Listed entries

*** Begin section ***

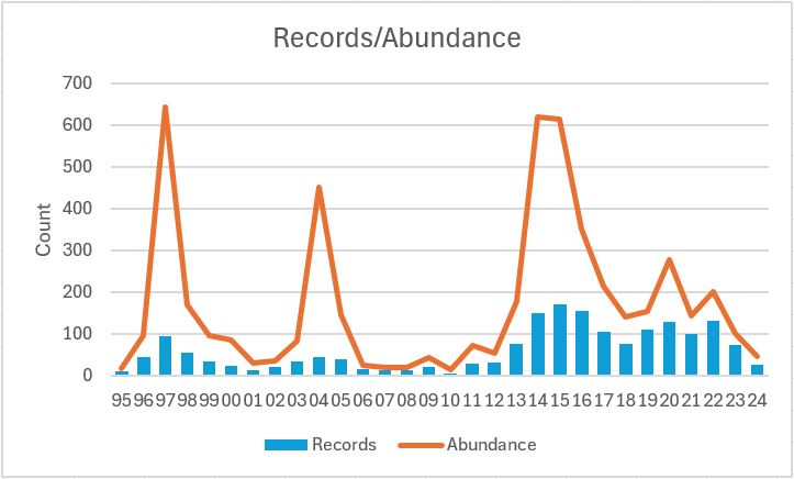 | Abundance | 1976-2024 | -86% | 1980-2015 | -29% |
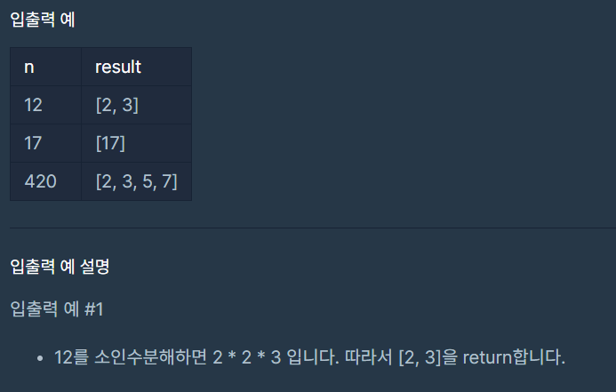 2) 약수 중에서도 소수인 것만 구하기 위해 n % i == 0 일 동안 n /= i 을 해주었다
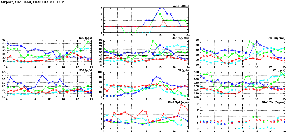 | Air Quality Data Time Series in Airport, Sha Chau (2020/01/05) | ( Line colors: Day -3 Day -2 Day -1 Current day ) | 2D Map Current AQHI |
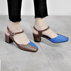 Women's Ankle Strap Block Mid Heels square toe pumps
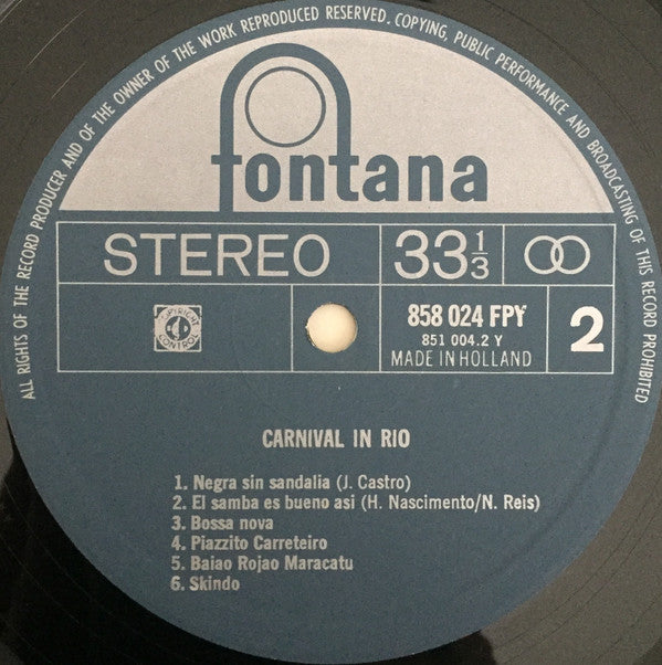 A1.4. Unknown Artist - O Nosso Amor A2. Unknown Artist - Malene Xango A3. Unknown Artist - Manha De Carnaval . Carnival In Rio B1. Unknown Artist - Negra Sin Sandalia (Nega Sem Sandalia) B2. Unknown Artist - El Samba Es Bueno Asi B3. Unknown Artist - Bossa Nova B4. Unknown Artist - Piazzito Carreteiro B5. Unknown Artist - Baiao Rojao Maracatu B6. Unknown Artist - Skindu

*** End section ***

All entries are to be retyped exactly. Omit any embedded images.

 | Abundance | 1976-2024 | -86% | 1980-2015 | -29% |
 2) 약수 중에서도 소수인 것만 구하기 위해 n % i == 0 일 동안 n /= i 을 해주었다
 | Air Quality Data Time Series in Airport, Sha Chau (2020/01/05) | ( Line colors: Day -3 Day -2 Day -1 Current day ) | 2D Map Current AQHI |
 Women's Ankle Strap Block Mid Heels square toe pumps
 A1.4. Unknown Artist - O Nosso Amor A2. Unknown Artist - Malene Xango A3. Unknown Artist - Manha De Carnaval . Carnival In Rio B1. Unknown Artist - Negra Sin Sandalia (Nega Sem Sandalia) B2. Unknown Artist - El Samba Es Bueno Asi B3. Unknown Artist - Bossa Nova B4. Unknown Artist - Piazzito Carreteiro B5. Unknown Artist - Baiao Rojao Maracatu B6. Unknown Artist - Skindu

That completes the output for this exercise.